Paweł Sołtys

THE BALLAD OF MARSZAŁKOWSKA STREET



Wise heads know where the boundaries of humanity lie, and the boundaries of humanism, and of humanness. Bound up by these boundaries as by lengths of thread, they walk through life stiffly, slightly hunched, arms close by their sides, like football defenders afraid of incurring a penalty. Hey, wise heads, what can you do with such arms and hands? Wind up a watch for a peaceful death, not much more. Me, of course, I’m the opposite, ladies and gentlemen, by your leave (as if!), I have arms that stretch the whole width of Marszałkowska Street, and as I walk to get me them beers at the all-night off-licence, with the index finger of my left hand I write in the grime on the windows on the even-numbered side, ‘Yes Vico! No Vice!’, and with my right arm I sweep up the beauties standing on the odd-numbered side and whisper obscenities in their ears. And when I get bored of this, with both hands I pull down pigeons off the roofs, to check if they have any messages for me, from this world or another. But they never do.

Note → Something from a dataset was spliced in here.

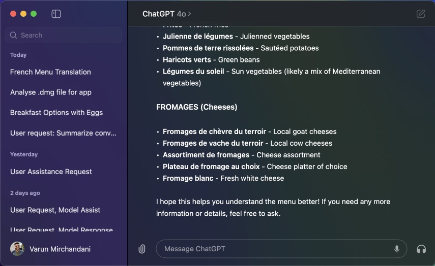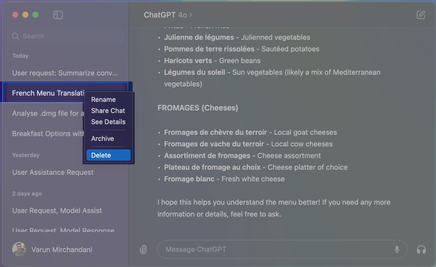 نحوه استفاده از برنامه چت جی پی تی در مک

No matter, I’m walking to get them beers; I could walk to get beer but to be so correct would ruin the pleasure, so I’m walking to get them beers, as the good Lord commanded, and I stamp my feet to make my march more regular, and I look into the eyes of those I pass without fear. I try to peer into their souls, but either the place where their souls should be is cluttered with phone numbers and lines of fine print (which look like crow’s feet) or they keep those immortal souls of theirs between covers, in dust jackets, wrapped in glossy paper or in plastic bags. Out of fear, I guess. Me, I’m the opposite, of course – my soul is in full view, as if it weren’t just my shirt that was ripped but my flesh too, and it’s right here, my clownish soul, winking at you with a tear in its eye, because like a steam engine it’s powerful and full of emotion at the same time. And when it so happens, and it happens rarely – so close to ‘never’ that it’s as if ‘rarely’ and ‘never’ were neighbours for years and said ‘good morning’ to each other every day – when it so happens that I manage to make out a soul in one of my fellow human beings in Marszałkowska Street (of course it could be in Dolna or even Daleka), I stop and politely ask, ‘Will you come for beer with me?’ I introduce myself, feel the other’s hand in mine and ask, ‘Will you come with me for beer, which I haven’t got yet? Which I’ve been walking to get my whole life, it seems? Will you come with me to drink beer, which after flowing though our throats and innards will cleanse our souls and make us nearly free from sin? I have the right amount of cash, the power of speech and an excess of spiritual desires, so let us go straight from the shop to a springtime bench, and let us drink them beers and have no secrets from each other.’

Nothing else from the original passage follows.